L'Ombre de l'Olivier

The Shadow of the Olive Tree

being the maunderings of an Englishman on the Côte d'Azur

06 April 2009 Blog Home : April 2009 : Permalink

A Good Idea For a Bad Reason

Saul Griffith who is a gentleman I've never heard of before, but seems fairly smart, is giving the following advice to young people:

"Son, you should refuse to pay into my health care system. You should refuse to pay into my Social Security system. Encourage the rest of your generation to refuse to pay into the benefits systems of their parents and previous generations."

Unfortunately the reason why he wants the young people to do this is:

"Unless you can convince us, the Madoff generation, to immediately heed your demands on climate change action. You shouldn't be expected to support our future if we are not supporting yours."

Which is where Mr G & I have to disagree, You see Mr G is convinced that

Every generation so far has expected the next generation to absorb its carbon investment into the atmosphere. Speaking not just as a scientist but as a new father, I'd wager that the next generation--my son's generation--faces a Madoff-like moment when the system collapses, the environment collapses, and very likely we'll have a whole load of civil unrest and other nasty consequences.

Furthermore, and this is where I was glad I wasn't actually drinking my wine as I read it, he beleives that:

Funn[il]y enough, we understand the global climate system better than we understand financial markets. We can see this eco-Madoff moment coming, but it doesn't look like we are willing to take measures to ward it off. Much like Madoff's investors, we're soothed by numbers backed by scanty auditing and happy to soak up the "benefits" of continuing our CO2 heavy lifestyle. We're not eager to pay the cost of say, additional regulation or restrictions that might rein in the excesses and stop this Ponzi scheme from running amuck.

Let me quibble with the "understand the global climate system" bit.
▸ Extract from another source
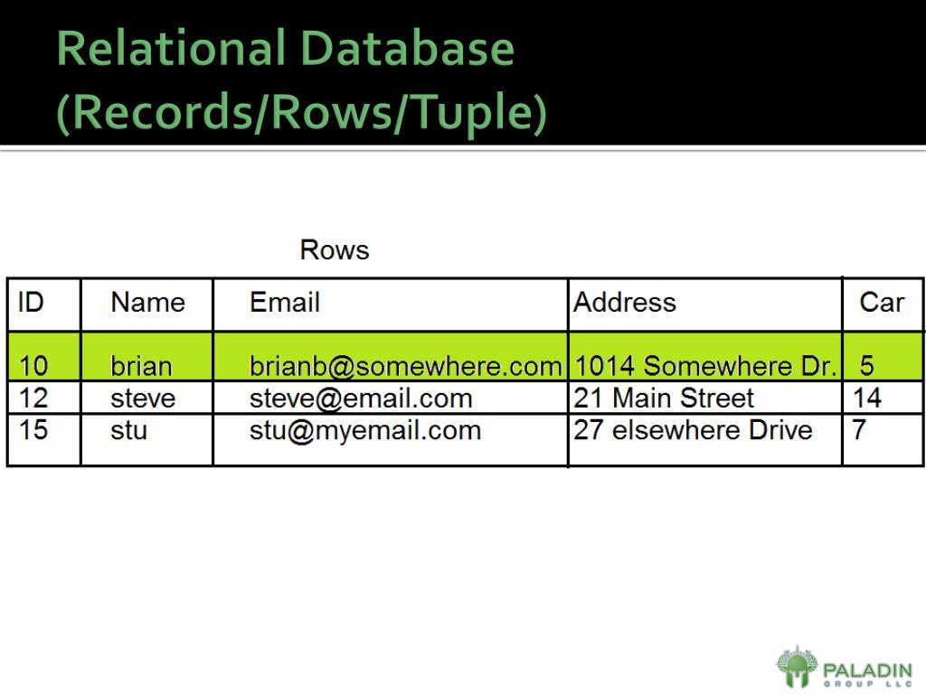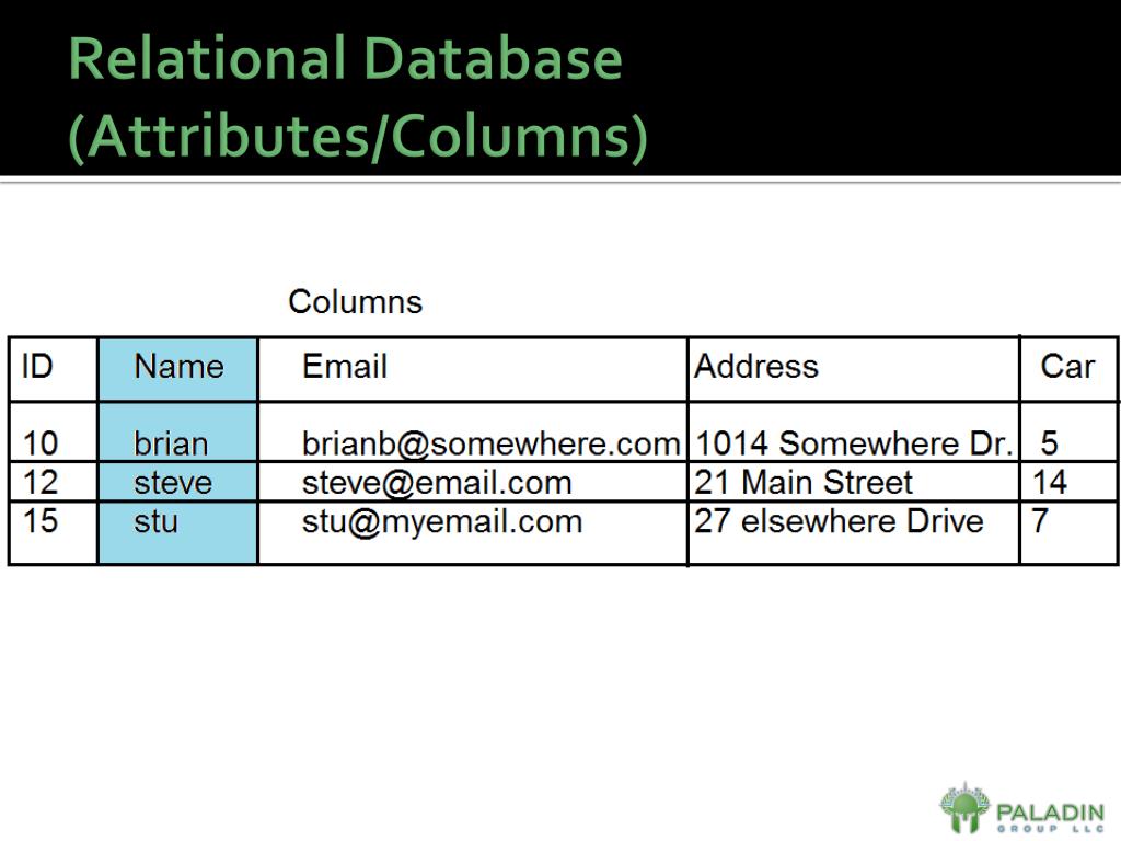 Databases Relational The traditional database model. Uses attributes (columns) and tuples (rows) to store and organize data. These tuples create tables (next slide) Most commonly used type of database (more)

I do not beleive we properly understand the global climate system. Why? Because we have no models of the global climate system that are accurately representing reality. The link shows  a selection of models used in the IPCC's AR4 and the actual GISS reported temperatures for the last 100 years. It is blindingly obvious that the models a) disagree with each other and b) fail miserably to predict the actual temperature. Should that link be a tad confusing, the same blog has numerous other posts such as this one, which illustrate just how badly the models are at predicting reality. Since 2001 the actual global temperature trend has been flat to (very slightly) negative whereas all models predict rises. This difference cannot be blamed on volcanism as there have been no major eruptions since Jan 2001 so there is no "excuse" for the models to be overshooting so far that statistical tests of confidence fail miserably. Hence I am forced to conclude that the models are wrong. If the models are wrong then it seems unlikely that we understand the global climate system because one good way to demonstrate understanding is to make models that predict the future.

Now it is, I suppose, possible that we understand financial markets less than we understand the climate but if so this is very very worrying because as I've just shown it doesn't look like we understand global climate at all. Intuitively one feels that 200+ years of economic and financial modelling from the time of Adam Smith ought to make it more likely that we understand the financial system than the climate given that that people have been trying to study the latter for no more than 50 years or so but maybe I'm wrong.

Hence (QED) if we do not understand the climate system we do not know the sensitivity of the earth to CO2 and hence whether or not continuing to create it is a bad thing. Hence we have no idea whether the environment will "collapse" or not.

Anyway whether or not the environment collapses I'm pretty sure that the Ponzi scheme that is government funded pensions, healthcare etc. is indeed headed for a collapse and I think we probably ought to stop paying for it all now. So therefore, for the wrong reasons Mr Griffith is right, Rather than pay taxes to support another few trillion dollars of spending on a broken financial system and unsustainable social security IOUs the young people of today ought to refuse to pay any and all taxes and let the government wither away. The old people will have to either rely on their existing savings or work (as child minders for their grandkids perhaps) or starve.